Supplied material:
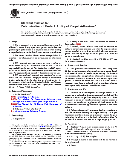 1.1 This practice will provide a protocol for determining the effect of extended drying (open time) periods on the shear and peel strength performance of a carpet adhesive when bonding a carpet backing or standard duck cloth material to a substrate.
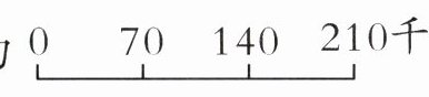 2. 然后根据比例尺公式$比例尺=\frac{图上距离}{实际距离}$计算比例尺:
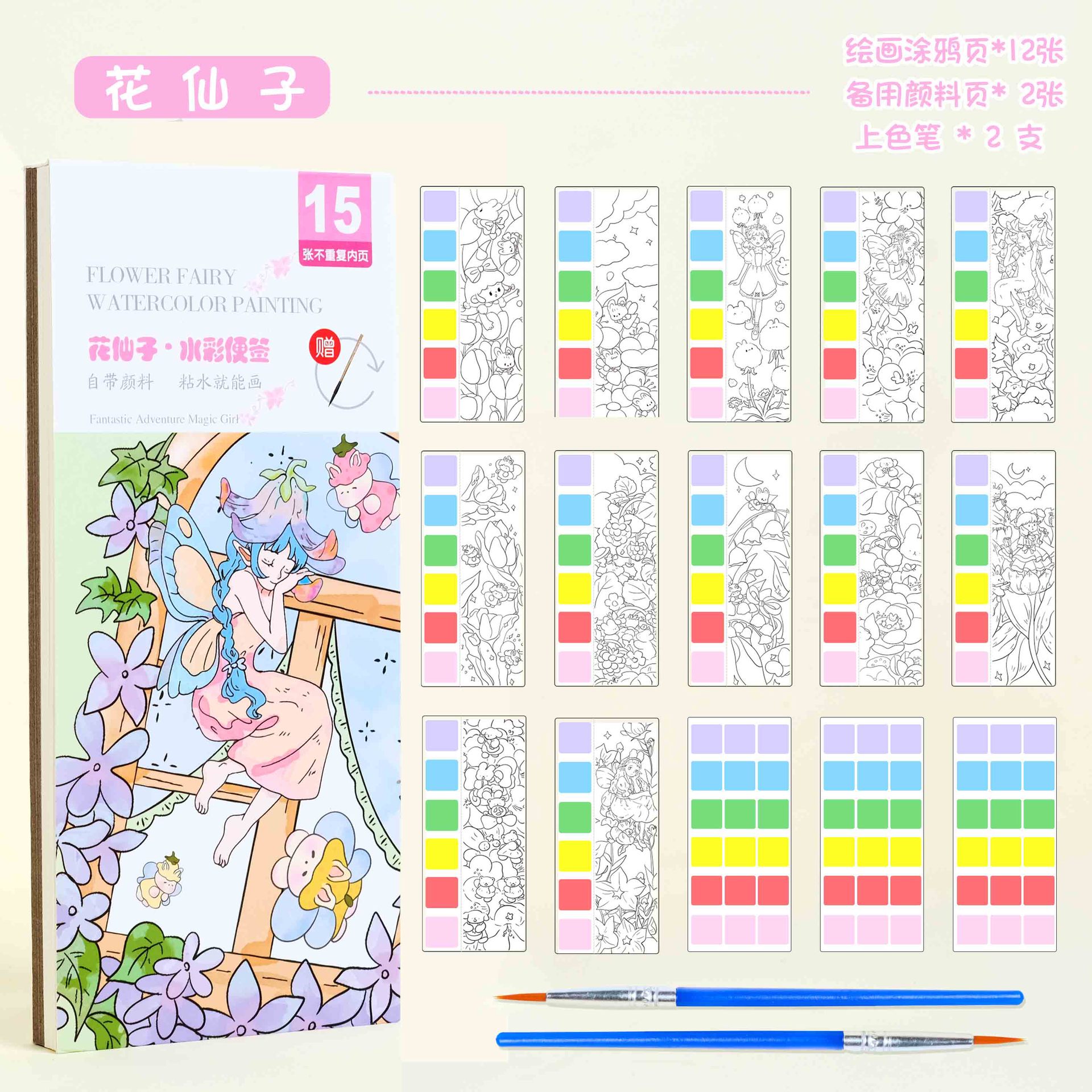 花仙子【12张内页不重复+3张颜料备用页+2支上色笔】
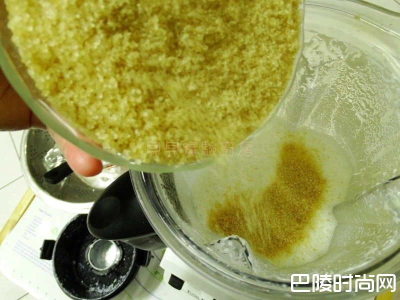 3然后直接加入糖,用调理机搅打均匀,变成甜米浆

==

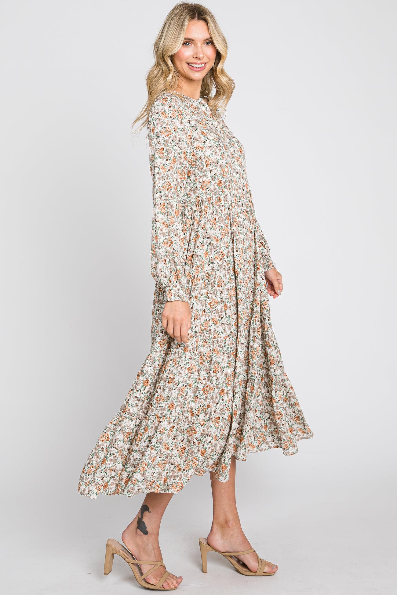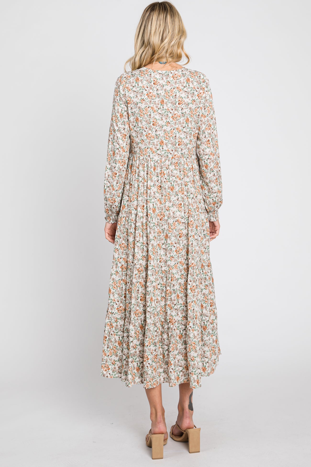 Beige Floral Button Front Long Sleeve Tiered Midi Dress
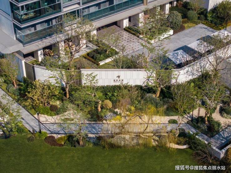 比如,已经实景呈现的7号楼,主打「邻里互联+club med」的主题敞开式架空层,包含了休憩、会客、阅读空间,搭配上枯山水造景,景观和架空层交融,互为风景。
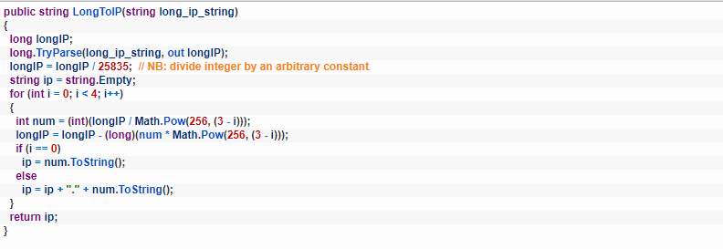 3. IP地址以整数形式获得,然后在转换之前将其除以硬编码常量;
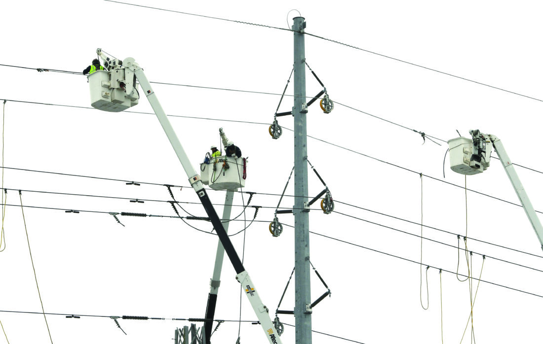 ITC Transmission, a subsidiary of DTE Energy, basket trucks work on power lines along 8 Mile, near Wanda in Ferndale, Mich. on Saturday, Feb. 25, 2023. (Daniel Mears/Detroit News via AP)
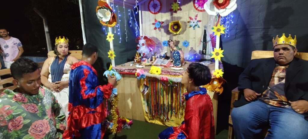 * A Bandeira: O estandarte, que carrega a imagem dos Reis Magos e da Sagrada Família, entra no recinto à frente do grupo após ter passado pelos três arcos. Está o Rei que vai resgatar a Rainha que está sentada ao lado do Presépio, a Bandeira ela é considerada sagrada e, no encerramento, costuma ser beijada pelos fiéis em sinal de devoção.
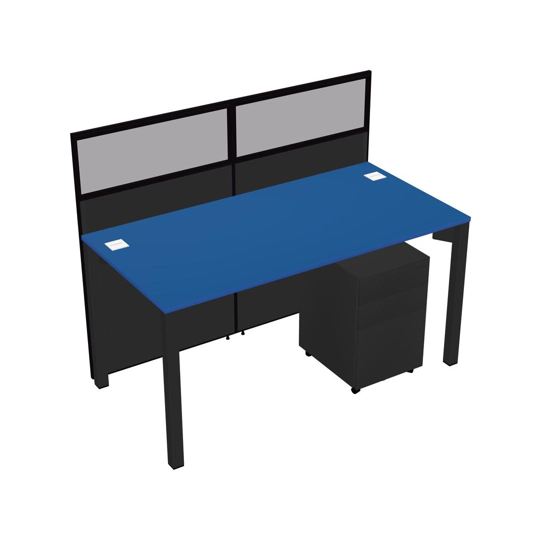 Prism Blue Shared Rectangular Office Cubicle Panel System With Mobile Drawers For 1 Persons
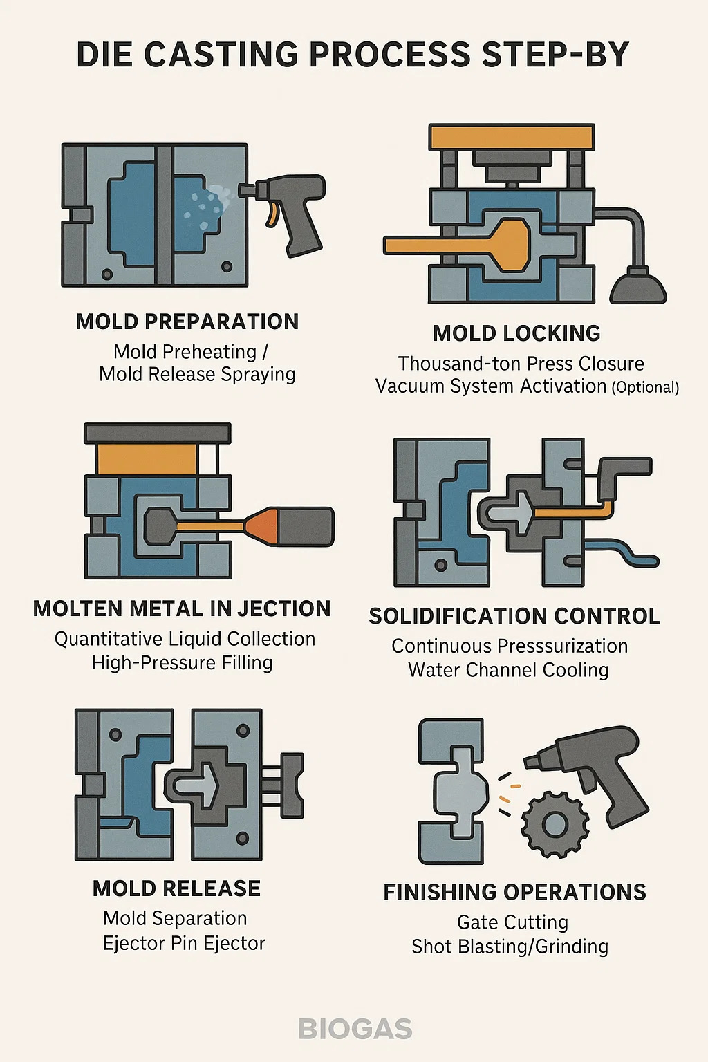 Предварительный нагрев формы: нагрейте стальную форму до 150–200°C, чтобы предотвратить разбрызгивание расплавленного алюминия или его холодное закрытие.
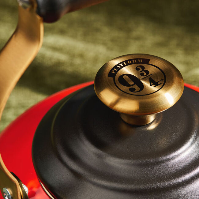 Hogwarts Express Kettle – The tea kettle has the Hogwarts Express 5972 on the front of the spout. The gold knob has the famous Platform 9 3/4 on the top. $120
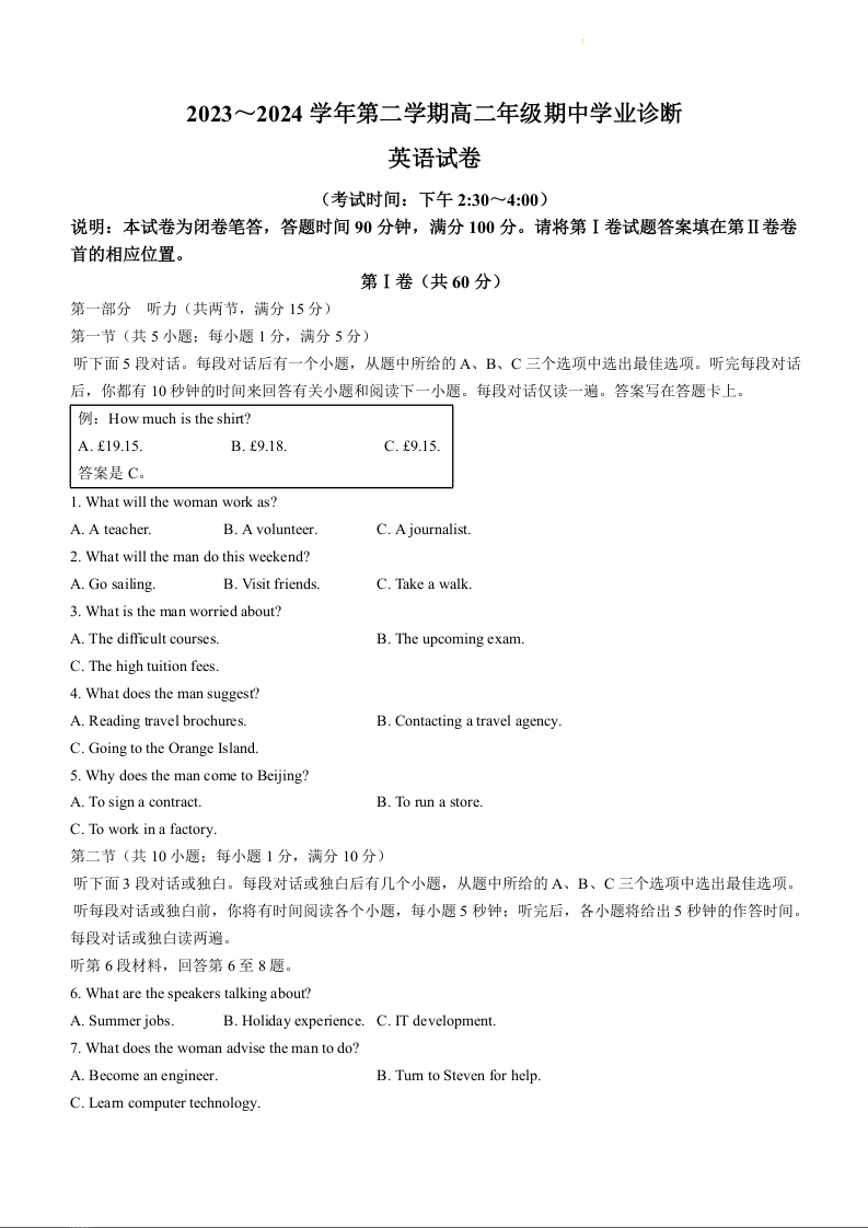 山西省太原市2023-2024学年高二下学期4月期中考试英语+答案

Task: Copy exactly the lines of the listing above between the one holding "2. 然后根据比例尺公式$比" and the one holding "3然后直接加入糖,用调理机搅打均匀,变成甜米浆", inclusive; omit all pictures.

Task result:
 2. 然后根据比例尺公式$比例尺=\frac{图上距离}{实际距离}$计算比例尺:
 花仙子【12张内页不重复+3张颜料备用页+2支上色笔】
 3然后直接加入糖,用调理机搅打均匀,变成甜米浆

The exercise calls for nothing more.